# How Predictable is the English Premier League?

The reason why football is so exciting is uncertainty. The outcome of any match or league is unknown, and you get to watch the action unfold without knowing what’s going to happen. Watching matches where you know the score is never exciting.

This weekend the English Premier League season will conclude with little fanfare. Bar one relegation place, the league positions have already been determined. In fact, these positions were, for the most part, decided weeks ago. The element of uncertainty seems to have been reduced this season.

With this in mind, I wanted to look at uncertainty over the long run in English football. To do this used the data provided by http://www.football-data.co.uk/ and analyzed these with R. These data consist of 34,740 matches played in the top 5 divisions of English football between 2000 and 2015, containing information about both the result and the odds offered by bookies on this result.

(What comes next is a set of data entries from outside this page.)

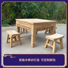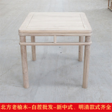 新中式免漆老榆木餐桌白茬白胚白坯小方桌长方形酒店民宿实木家具
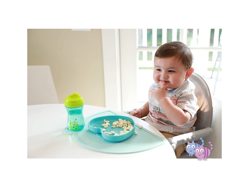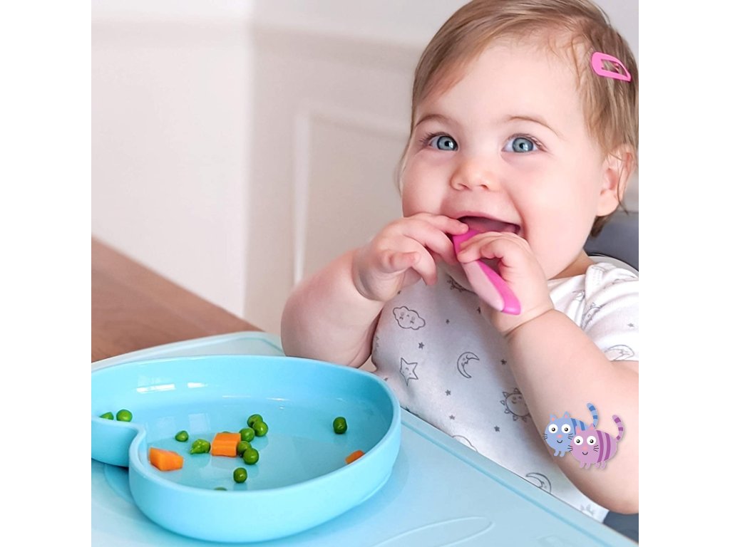 - Podstavec s přísavkou na spodní straně talíře ho udrží na místě i při prvních pokusech o samostatné jedení. To je velmi důležité při rozvoji dětské motoriky. Přesto je talířek lehký, flexibilní a přenosný i na jídlo mimo domov.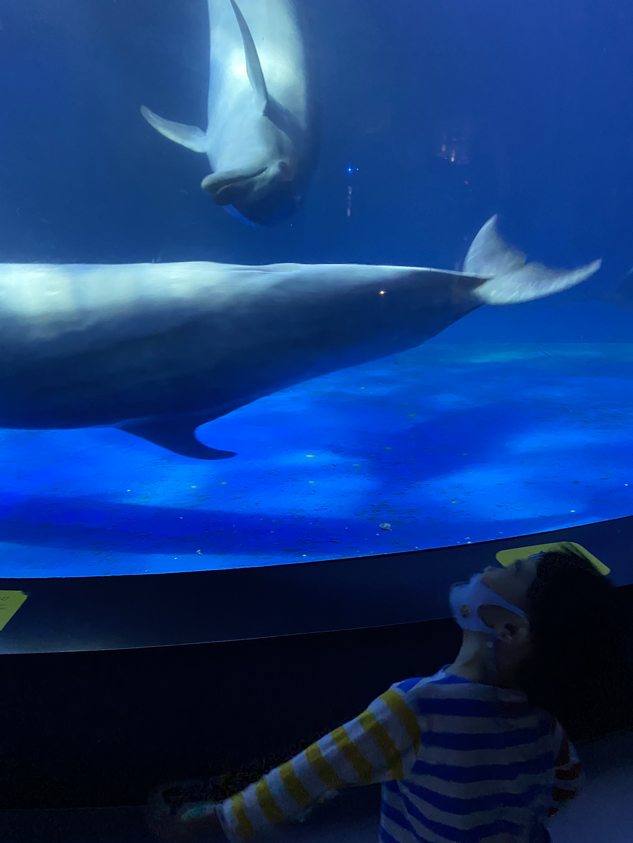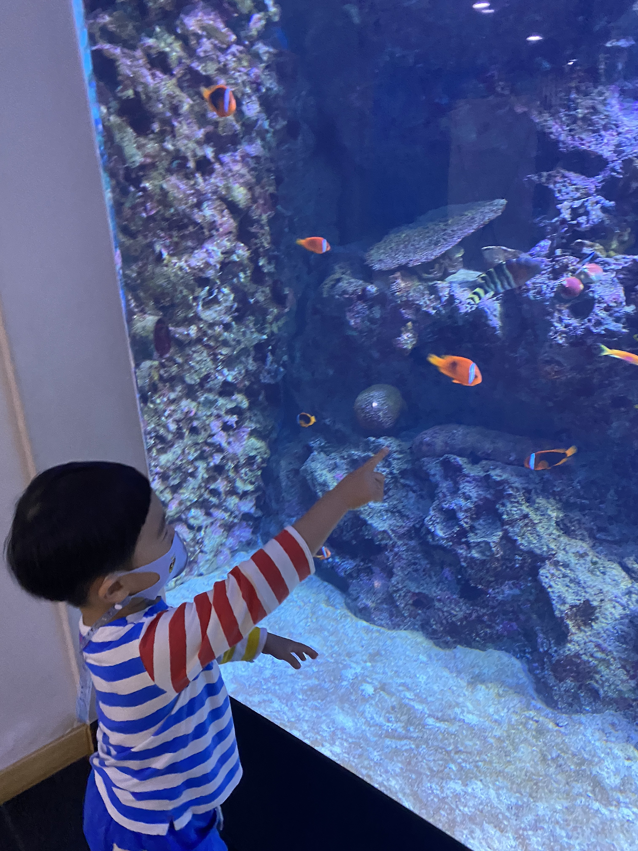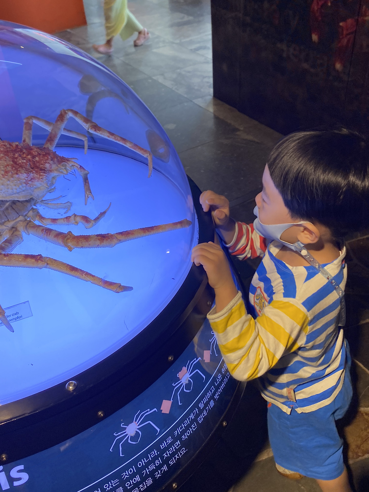 예상대로 아이는 1시간채 안되어서 아쿠아리움을 잰걸음으로 둘러보고 나와 남편을 재촉하며 아쿠아리움에서 나가자고 했다. 나 혼자 자리에 멈추어 그 동물들의 생김새를 찬찬히 살펴볼 뿐이었다. 돌 이후 잠자리에 들 때 고래, 상어, 악어 등 생태사진집을 보며 동물들의 모습을 탐구했던 아이였는데, 실제 동물들을 살펴볼 때 마치 퀴즈를 푸는 것 마냥 ''흰동가리 해마 있네~ 가오리다~! 고래네~" 등 동물들의 이름을 맞추고 자리를 빠르게 떠났다.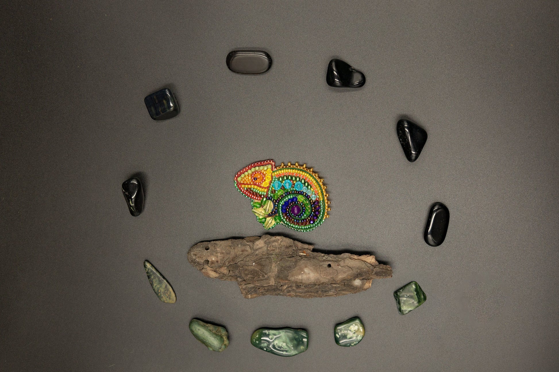 This handmade beaded brooch features a stunning chameleon design, expertly crafted to add a whimsical touch to your wardrobe. The handmade beaded brooch is embroidered on felt using high-quality Czech seed beads, bugle beads, and various sizes of art glass beads, ensuring a delicate beadwork design that stands out. Measuring 2 x 2.7 inches (5 x 7 cm), this lizard embroidery pin is lightweight yet durable, making it the perfect jacket lapel accessory or embellishment for bags and scarves.

To measure the uncertainty of any given match I used the following strategy. First, I averaged across all bookies’ odds for the three possible events: home win, draw, and away win. Next I mapped these aggregated odds into probabilities by inverting each of the odds and then dividing by the summed inverted odds. This takes care of the over round that helps bookies to make a profit. For example, if the odds were 2.1/1 that an event happens and 2.1/1 that it doesn’t then the probability of the event occurring is:

(1/2.1)/ (1/2.1 + (1/2.1)) = 0.4761905/(0.4761905+0.4761905) = 0.5.

Finally, to measure the uncertainty of each match, I subtract the probability that the event occurred from 1, to calculate a “residual” score. Imagine a home win occurs. The “residual” in this case will be 1-P(home win). If P(home win)=1, then there is no uncertainty, and this uncertainty score will be zero. Since there are 3 outcomes, we would expect an uncertainty measure to be bounded between 0 (no uncertainty) and 0.67 (pure uncertainty) where we get 1 out of 3right by just guessing.

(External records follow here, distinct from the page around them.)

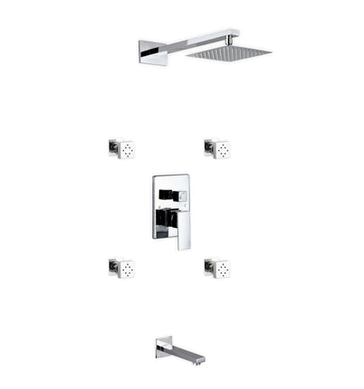 Kube Bath Aqua Piazza Brass Shower Set With 8" Square Rain Shower, 4 Body Jets and Tub Filler Chrome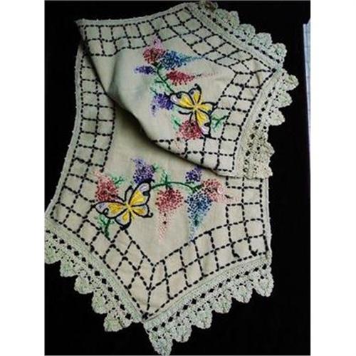 </font></strong>EARLY 1900'S TABLE OR DRSSER OR BUFFET RUNNER, HAND MADE, DEPICTING BEAUTIFUL SILK THREAD EMBROIDERY AND CROCHETED LACE BORDER,MOST PLEASING COLORS AND DESIGNS, as per our images - Excellent condition free from spots or holes, Measuring about 42 inch long x 16 1/4 inch wide, US Buyer to pay 5.00 for shipping plus insurance.THANKS.</font>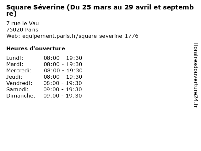 1 Square Séverine (Du 29 octobre au 28 février) (Distance: 0,00 km) 7 rue le Vau, 75020 Paris 28, 29, au, du, février, jardin, octobre, parc, square, séverine 2 Square Séverine (Du 01 au 24 mars) (Distance: 0,00 km) 7 rue le Vau, 75020 Paris 01, 24, au, du, jardin, mars, parc, square, séverine 3 Square Séverine (Du 30 avril au 31 août) (Distance: 0,00 km) 7 rue le Vau, 75020 Paris 30, 31, août, au, avril, du, jardin, parc, square, séverine 4 Square Emmanuel-Fleury (Du 25 mars au 29 avril et septembre) (Distance: 0,39 km) 40 rue Le Vau, 75020 Paris 25, 29, au, avril, du, emmanuel, et, fleury, jardin, mars, parc, septembre, square 5 Jardin Frida-Kahlo (Du 25 mars au 29 avril et septembre) (Distance: 0,55 km) - Rue Noisy-Le-Sec, 75020 Paris 25, 29, au, avril, du, et, frida, jardin, kahlo, mars, parc, septembre, square 6 Square Léon-Frapié (Du 25 mars au 29 avril et septembre) (Distance: 0,61 km) 5 rue Noisy-Le-Sec, 75020 Paris 25, 29, au, avril, du, et, frapié, jardin, léon, mars, parc, septembre, square |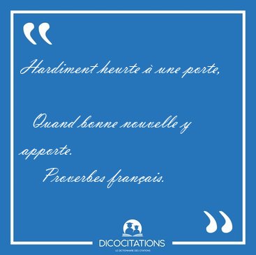 ![Hardiment heurte à une porte, Quand bonne nouvelle y [...] - Proverbes français... Hardiment heurte à une porte, Quand bonne nouvelle y [...] - Proverbes français...](/imagescitations/Hardiment_heurte_a_une_porte_Quand_bonne_nouvelle_y_-_Proverbes_francais-94548.jpg)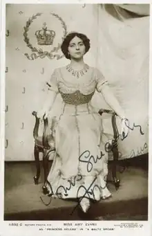Amy Evans (24 October 1884 – 5 January 1983) was a Welsh soprano and actress known for her performances in oratorio, recitals, and opera. She also made some music recordings beginning in 1906. In 1910, she played the leading role of Selene in W. S. Gilbert's last opera, Fallen Fairies, and sang at the Royal Opera House the same year and thereafter. She played Princess Helena in A Waltz Dream at Daly's Theatre in 1911.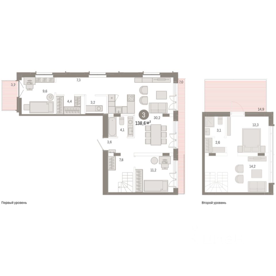3-комн. квартира с предчистовой отделкой в ЖК ''Республики 205'' на 7 этаже. Общая площадь: 138.59 кв.м. Высота потолков 2.7 м.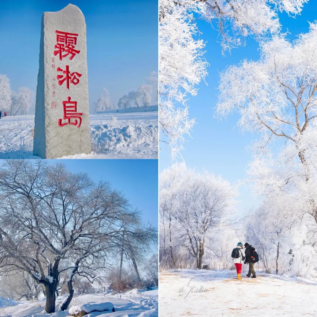雾松岛是松花江上冲击而成的江中小岛,因雾凇多且美丽而得名,常能拍出风光大片,受到大批摄影爱好者的追捧。每到寒冬,不冻的江水中升腾的水雾遇冷,在树上凝结为霜花,从远处看正是传说中的玉树琼花,美不胜言。

After importing these data into R and calculating the uncertainty measure, I looked at this uncertainty measure over time. The plot in the above shows fitted smoothed trend lines of uncertainty, stratified by division. These trends are striking. Going by this graph, the Premier League has gotten more predictable over the analysis period. In 2000, the uncertainty measure was around 0.605. Given that we expect this measure to be bound between 0 (complete certainty) and 0.67 (completely random), this tell us that the average league game was very unpredictable. Over time, however, this measure has decreased by about 5%, which does not seem like much. Despite, the somewhat unexciting end to the 2014/15 season, the outcome of the average game is still not very predictable.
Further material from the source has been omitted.